- IP Cores and SoCs
- Instruction Set Features
- Variable-Length Instructions
- Floating-Point, Vectors, and ABI Problems
- Similarities to x86
Instruction Set Features
The original ARM architecture was heavily influenced by the Berkeley RISC architecture, as is apparent from RISC in the name. ARM has a number of RISC features, such as a large register set, fixed-length instructions, and a purely load-store architecture. In comparison, 32-bit x86 has six registers that are nominally general-purpose, although a lot of instructions require the use of specific registers. It uses a variable-length instruction coding, and a number of instructions take a memory address as one of the operands.
The ARM instruction set also has some decidedly non-RISC features. The most well-known is predicated instructions, which execute conditionally based on the state of one of the condition registers. In a typical implementation, they execute anyway, but the results are stored only if the condition codes are matched.
Consider a typical pipelined CPU. The first ARM chips were very simple, using a three-stage pipeline with the fetch/decode/execute sequence that you'll find in an introductory CPU architecture book. In a typical bit of code, you might have a conditional branch, followed by a short sequence of instructions for each case. For example:
if (a != 0) b /= a;
Because you can't execute this branch until you know the value of a, the entire pipeline stalls until you finish the calculation. MIPS avoids this problem by executing the two instructions immediately after a branch. This means that you try to move a branch instruction two instructions before it should actually execute, and insert some no-ops if you can't do that (increasing code size).
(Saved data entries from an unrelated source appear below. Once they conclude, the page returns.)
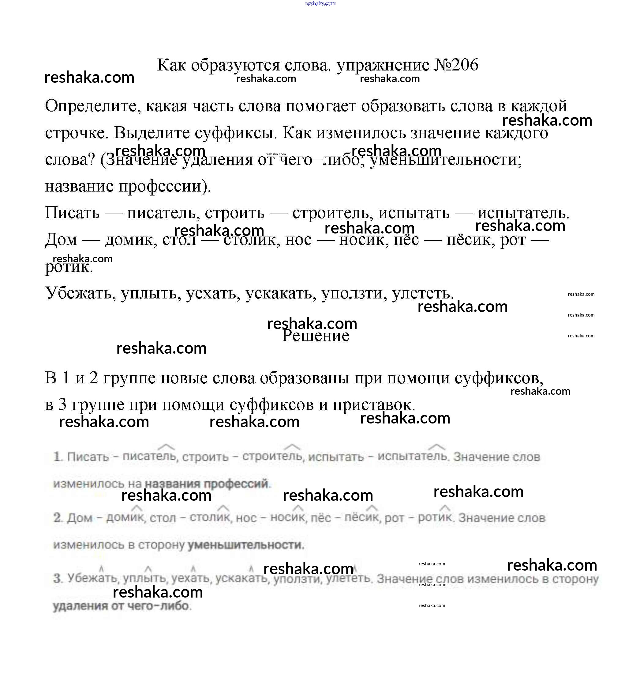 Решака - онлайн ответы Русский язык Климанова, Бабушкина за 3 класс Учебник ФГОС 2019 - 206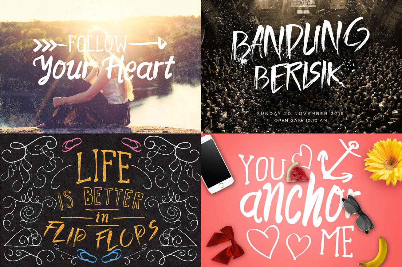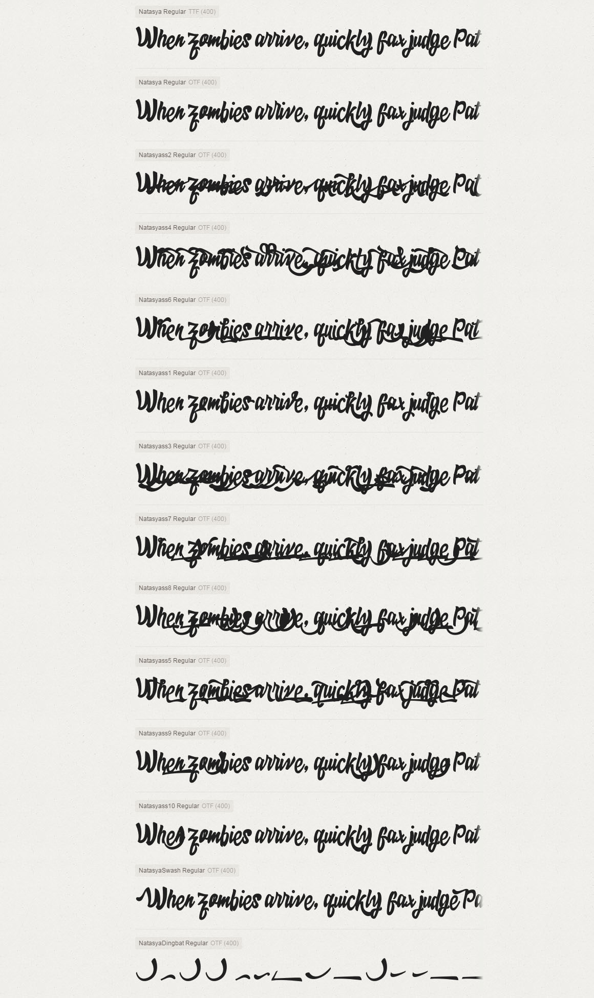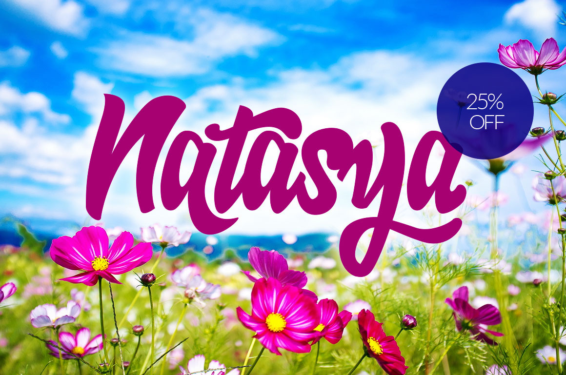Natasya is bold, playful, modern, and multi-purpose typeface that combines brush lettering with natural handwriting. It is suitable for logo, packaging, headline, poster, t-shirt, etc. With 401 glyphs and 191 alternatives characters, you can mix and match Natasya to fit your design. The alternative characters divided into several OpenType features such as Ligature, Contextual alternates, stylistic alternates, stylistic sets, and swash. It can be accessed by using OpenType savvy program such as Adobe Illustrator and Adobe InDesign.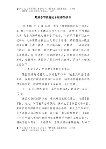 / 【七哥公文】2025年:开展学习教育的总结评估报告+更多免费公文+VX:QiGeGongWen2024

CISC chips typically devote a lot of die area to branch prediction, to try to guess which branch will be taken, follow that one, and then retire the results only if the guess was correct.
The ARM approach, also adopted by Itanium, is more elegant. Instructions can execute conditionally on the value of one or more condition registers. In this example, the division operation will always execute, but its result will only be retired if the comparison was correct. By the time the division has been computed, the result of the comparison is known, so there's no delay and no need for branch prediction. This approach helps to increase code density and reduce the requirement for accurate branch prediction.
Another well-known feature of the ARM instruction set is the addition of a barrel shifter in the pipeline, which operates on the second operand of most instructions, optionally shifting or rotating them by an arbitrary amount. Effectively, this gives you a free multiplication or division by a power of two. This technique has a lot of uses, the most obvious being in address computations. If you're loading the nth element of an array, you need to multiply the index by the size of one element and then add it to the address of the start. This multiplication is a power of two for all primitive types, and therefore it can be folded into one of the other instructions in the sequence.
Unlike x86, only the nonprivileged ARM instruction set guarantees backward compatibility. When you initialize an x86 chip (including a modern 64-bit chip), it starts in 16-bit real mode; you need to run some 16-bit code to bring it into protected mode. When in one of these modes, the privileged x86 instruction set also supports all of the weird and wonderful extensions that the 286 and 386 introduced.
In contrast, ARM chips break backward compatibility in the privileged instruction set every generation or two. Therefore, operating systems typically need porting to the new chip, although userspace applications can continue to run unmodified.